Faux jobs [foh jawbs], noun: A group of paranoid Twitter users, congressmen, pundits, and former G.E. heads who believe the Obama campaign faked the September jobs report.

Jim Lehrer [jim lehr-rur], noun: The overly passive and detached moderator of the first 2012 presidential debate; the latest in Mitt Romney's diverse collection of bullying victims.

Big Bird [big burd], noun: The subject of one of Mitt Romney's poorer debate zingers; a Sesame Street character to whom the Obama campaign keeps fruitlessly hoping to change the subject in order to vilify Mitt Romney.

Stunt-casting [stunt kast-ng], noun: The assignment of a celebrity or otherwise remarkable person to fulfill an unexpected position, for example, Ann Romney's upcoming tenure on Good Morning America.

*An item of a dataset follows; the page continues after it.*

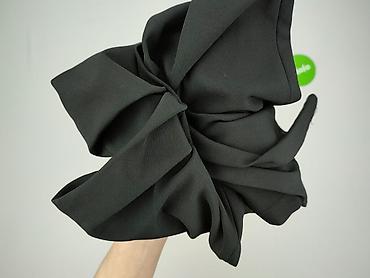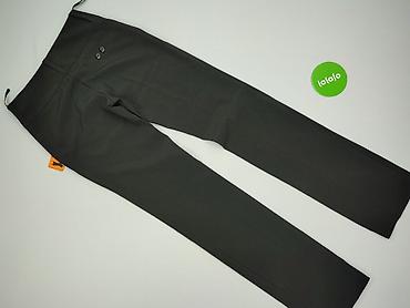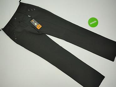 Damskie spodnie materiałowe - Rozmiar: 38 - Krój: zwężane nogawki, średni stan - Kolor: czarny z granatowymi lampasami po bokach i obszyciem pasa - Materiał: 100% poliester; podszewka: 100% polies...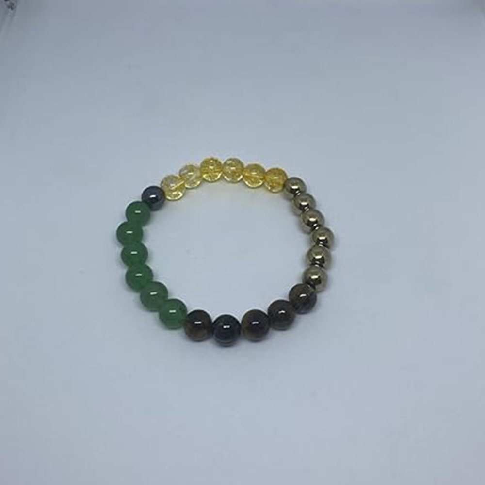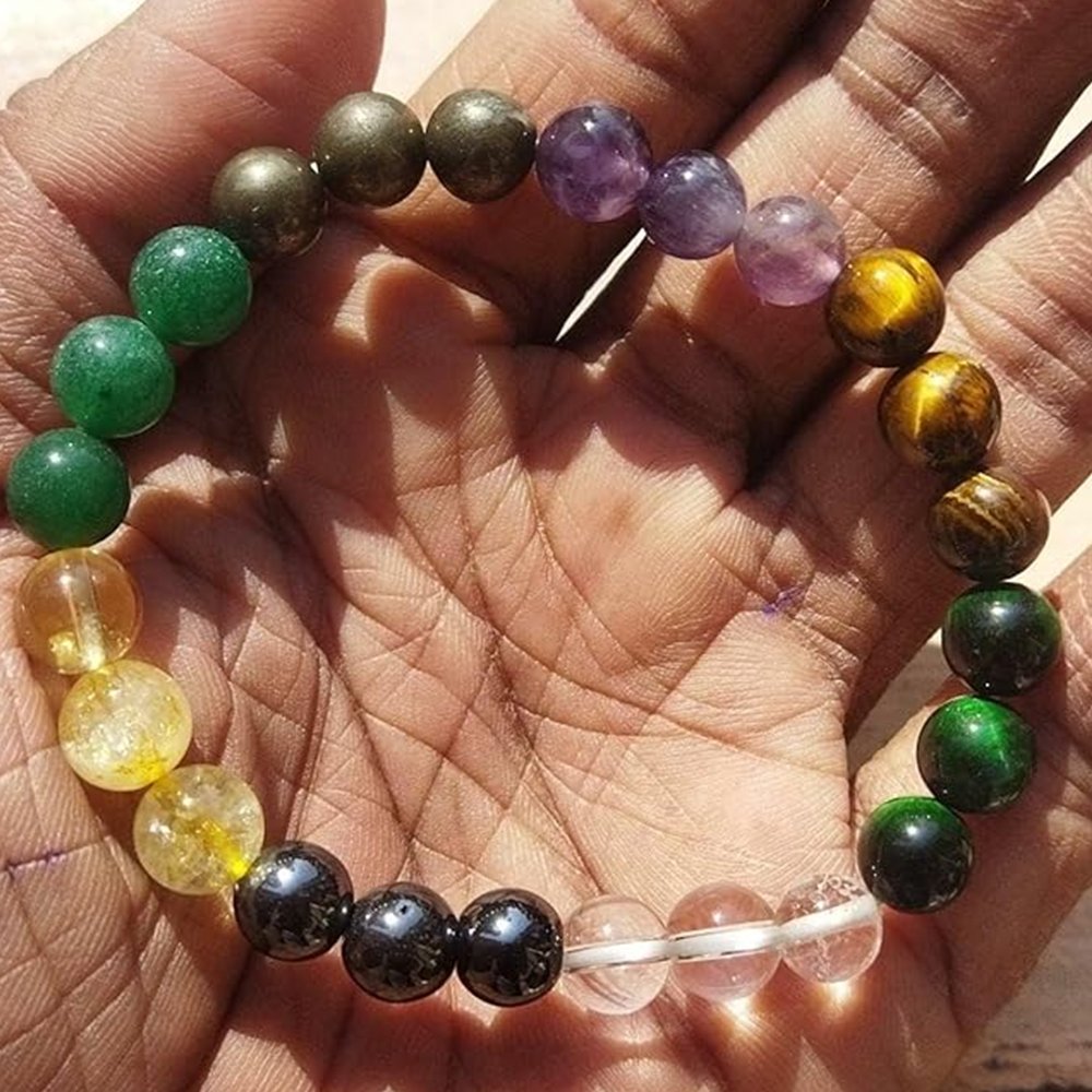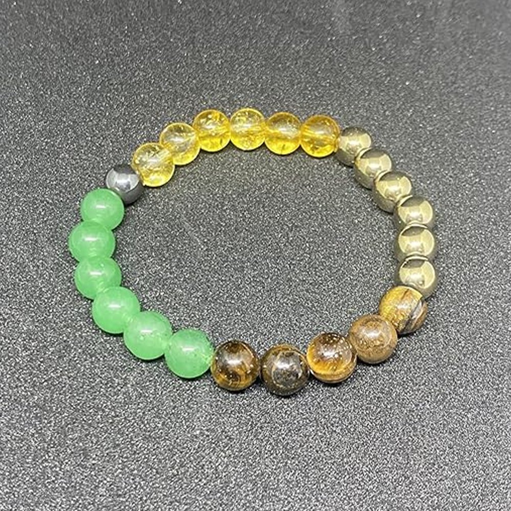 Attract wealth, success, and positive energy with this powerful Money Magnet Bracelet, handcrafted from 100% natural, certified healing gemstones. Designed for men, women, boys, and girls, this multi-color bracelet combines seven potent stones known for prosperity and abundance – Green Tiger Eye, Amethyst, Pyrite, Green Aventurine, Citrine, Hematite, and Clear Quartz.

Scott Disick [skot diss-ick], noun: One of the few truly contemptible cultural figures who will not be appearing on the Annual Kardashian Kristmas Kard Klusterfuck.

Emotional fluffing [ih-moh-shun-ul fluff-ng], noun: The act of satisfying a platonic friend emotionally, intellectually, and/or spiritually before said friend is satisfied sexually by another, less socially complicated peer.

Really [reel-ee], noun: An oft-maligned word and arguable comedy crutch that is the subject of Jerry Seinfeld's impassioned and popular New York Times op-ed.

Seth MacFarlane [seth mik-far-layn], noun: The polarizing Family Guy auteur and newly minted Oscar-host-in-waiting.

Barclays Center[bark-leyz sent-uhr], noun: The Jay-Z-backed multipurpose arena in multi-purposeful developing Brooklyn.